INFORMATION PROVIDED below:

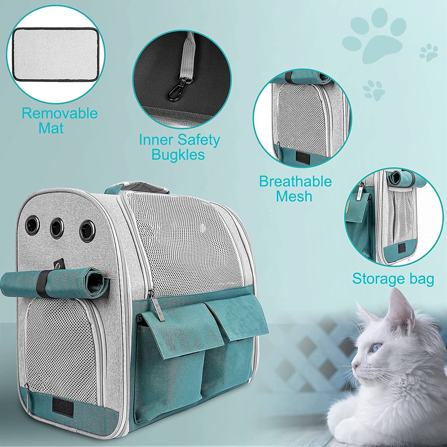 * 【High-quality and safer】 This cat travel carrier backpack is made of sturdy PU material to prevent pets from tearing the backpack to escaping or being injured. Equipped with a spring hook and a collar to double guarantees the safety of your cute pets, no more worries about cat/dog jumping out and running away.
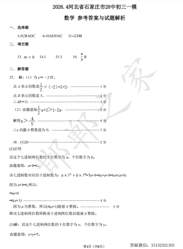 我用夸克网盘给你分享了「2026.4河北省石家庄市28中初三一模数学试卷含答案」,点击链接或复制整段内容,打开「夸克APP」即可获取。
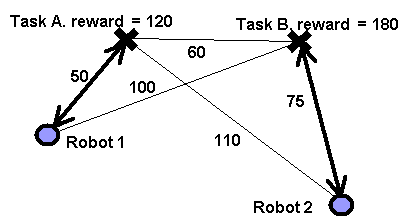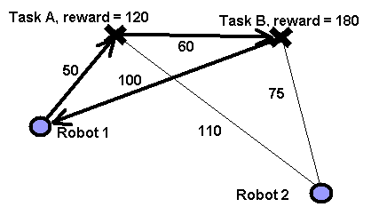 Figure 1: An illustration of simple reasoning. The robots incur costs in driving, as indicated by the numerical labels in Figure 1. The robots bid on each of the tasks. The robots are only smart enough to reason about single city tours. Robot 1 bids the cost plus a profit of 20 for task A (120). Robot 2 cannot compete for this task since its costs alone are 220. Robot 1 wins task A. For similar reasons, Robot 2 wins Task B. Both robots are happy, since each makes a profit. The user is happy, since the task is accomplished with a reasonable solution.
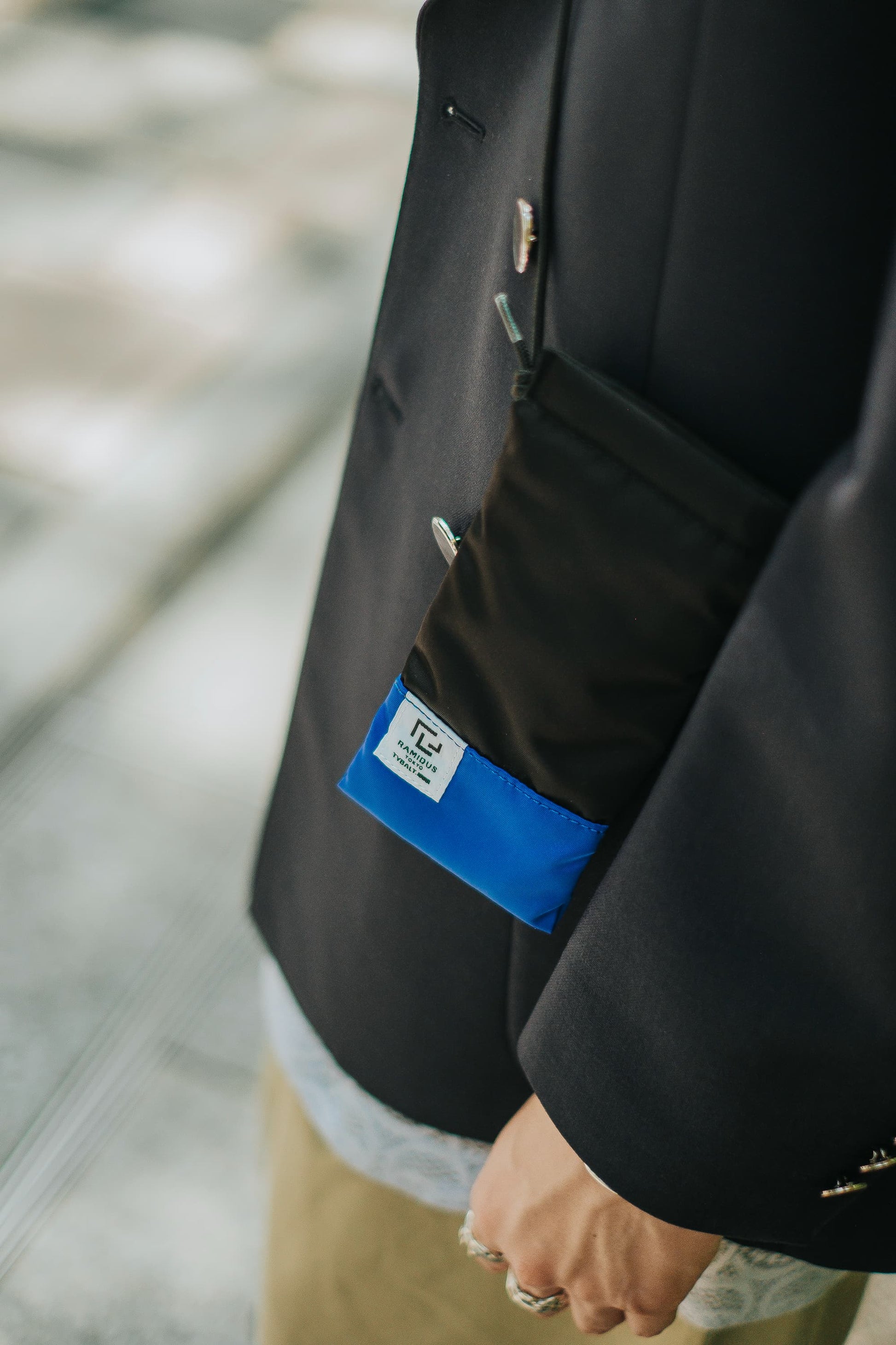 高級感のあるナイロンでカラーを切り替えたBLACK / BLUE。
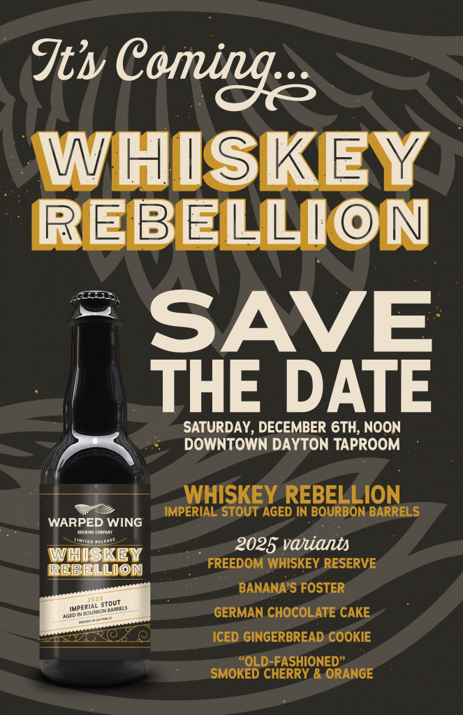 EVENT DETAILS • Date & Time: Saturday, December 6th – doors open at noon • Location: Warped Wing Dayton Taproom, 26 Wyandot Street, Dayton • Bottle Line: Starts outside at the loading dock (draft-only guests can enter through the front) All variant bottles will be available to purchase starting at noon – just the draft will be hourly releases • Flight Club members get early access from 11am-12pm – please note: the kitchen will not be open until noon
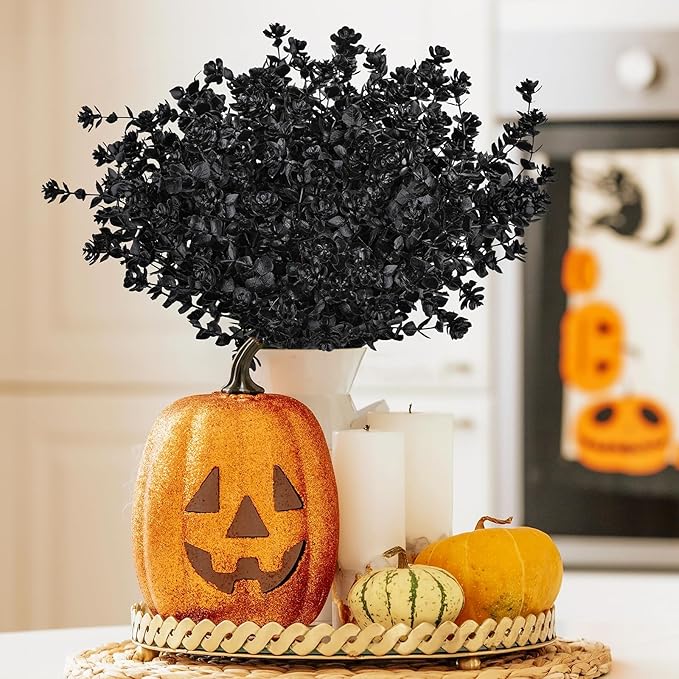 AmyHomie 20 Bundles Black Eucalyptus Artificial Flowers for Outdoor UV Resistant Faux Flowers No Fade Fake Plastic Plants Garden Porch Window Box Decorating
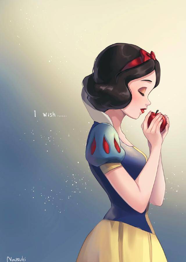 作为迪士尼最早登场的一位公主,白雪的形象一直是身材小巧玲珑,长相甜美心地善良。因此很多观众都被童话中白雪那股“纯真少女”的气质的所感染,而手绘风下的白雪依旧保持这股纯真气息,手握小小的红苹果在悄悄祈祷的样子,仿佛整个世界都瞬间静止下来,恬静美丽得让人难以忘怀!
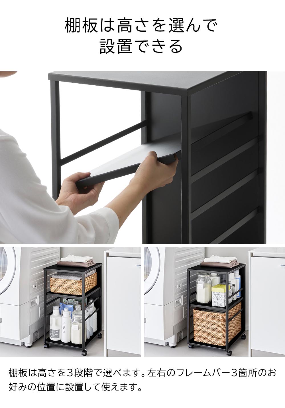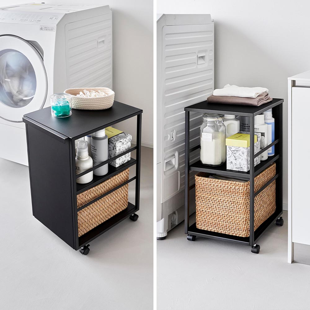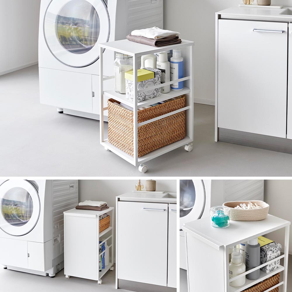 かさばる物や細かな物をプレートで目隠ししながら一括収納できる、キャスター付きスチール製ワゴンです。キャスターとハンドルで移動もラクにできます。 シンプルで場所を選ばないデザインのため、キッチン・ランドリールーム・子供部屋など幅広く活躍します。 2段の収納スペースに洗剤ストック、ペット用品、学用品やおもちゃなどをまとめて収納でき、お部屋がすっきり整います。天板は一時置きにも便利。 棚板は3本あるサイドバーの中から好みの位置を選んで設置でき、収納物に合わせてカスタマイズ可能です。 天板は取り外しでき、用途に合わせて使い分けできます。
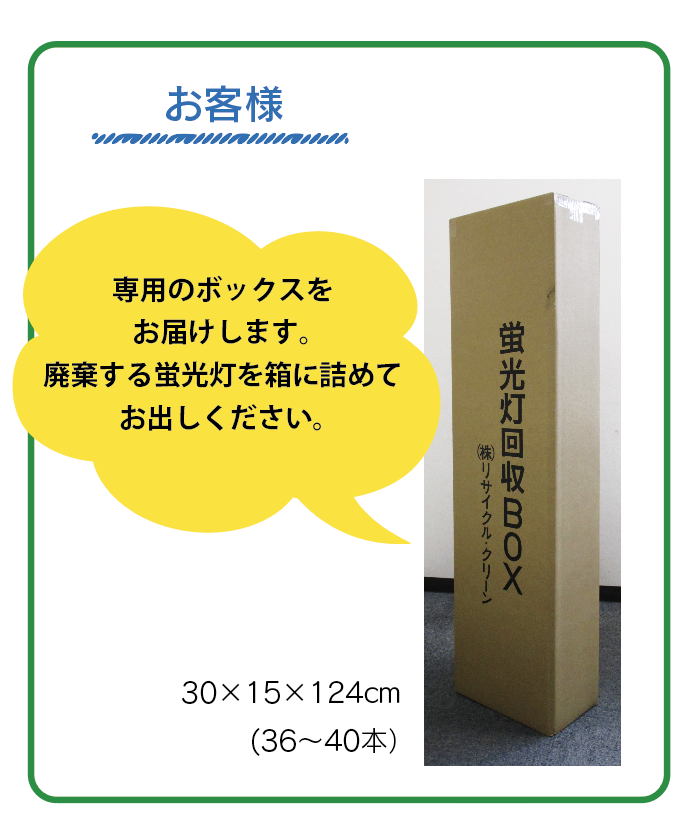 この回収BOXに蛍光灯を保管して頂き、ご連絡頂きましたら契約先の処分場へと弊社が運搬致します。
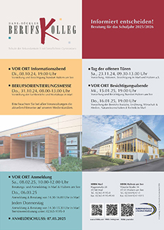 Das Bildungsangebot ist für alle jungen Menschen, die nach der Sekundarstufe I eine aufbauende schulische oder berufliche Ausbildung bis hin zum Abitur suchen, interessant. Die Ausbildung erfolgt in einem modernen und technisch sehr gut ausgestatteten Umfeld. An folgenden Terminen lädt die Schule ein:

End of INFORMATION PROVIDED.

What you return should match the records line for line, minus the pictures.

 * 【High-quality and safer】 This cat travel carrier backpack is made of sturdy PU material to prevent pets from tearing the backpack to escaping or being injured. Equipped with a spring hook and a collar to double guarantees the safety of your cute pets, no more worries about cat/dog jumping out and running away.
 我用夸克网盘给你分享了「2026.4河北省石家庄市28中初三一模数学试卷含答案」,点击链接或复制整段内容,打开「夸克APP」即可获取。
 Figure 1: An illustration of simple reasoning. The robots incur costs in driving, as indicated by the numerical labels in Figure 1. The robots bid on each of the tasks. The robots are only smart enough to reason about single city tours. Robot 1 bids the cost plus a profit of 20 for task A (120). Robot 2 cannot compete for this task since its costs alone are 220. Robot 1 wins task A. For similar reasons, Robot 2 wins Task B. Both robots are happy, since each makes a profit. The user is happy, since the task is accomplished with a reasonable solution.
 高級感のあるナイロンでカラーを切り替えたBLACK / BLUE。
 EVENT DETAILS • Date & Time: Saturday, December 6th – doors open at noon • Location: Warped Wing Dayton Taproom, 26 Wyandot Street, Dayton • Bottle Line: Starts outside at the loading dock (draft-only guests can enter through the front) All variant bottles will be available to purchase starting at noon – just the draft will be hourly releases • Flight Club members get early access from 11am-12pm – please note: the kitchen will not be open until noon
 AmyHomie 20 Bundles Black Eucalyptus Artificial Flowers for Outdoor UV Resistant Faux Flowers No Fade Fake Plastic Plants Garden Porch Window Box Decorating
 作为迪士尼最早登场的一位公主,白雪的形象一直是身材小巧玲珑,长相甜美心地善良。因此很多观众都被童话中白雪那股“纯真少女”的气质的所感染,而手绘风下的白雪依旧保持这股纯真气息,手握小小的红苹果在悄悄祈祷的样子,仿佛整个世界都瞬间静止下来,恬静美丽得让人难以忘怀!
 かさばる物や細かな物をプレートで目隠ししながら一括収納できる、キャスター付きスチール製ワゴンです。キャスターとハンドルで移動もラクにできます。 シンプルで場所を選ばないデザインのため、キッチン・ランドリールーム・子供部屋など幅広く活躍します。 2段の収納スペースに洗剤ストック、ペット用品、学用品やおもちゃなどをまとめて収納でき、お部屋がすっきり整います。天板は一時置きにも便利。 棚板は3本あるサイドバーの中から好みの位置を選んで設置でき、収納物に合わせてカスタマイズ可能です。 天板は取り外しでき、用途に合わせて使い分けできます。
 この回収BOXに蛍光灯を保管して頂き、ご連絡頂きましたら契約先の処分場へと弊社が運搬致します。
 Das Bildungsangebot ist für alle jungen Menschen, die nach der Sekundarstufe I eine aufbauende schulische oder berufliche Ausbildung bis hin zum Abitur suchen, interessant. Die Ausbildung erfolgt in einem modernen und technisch sehr gut ausgestatteten Umfeld. An folgenden Terminen lädt die Schule ein:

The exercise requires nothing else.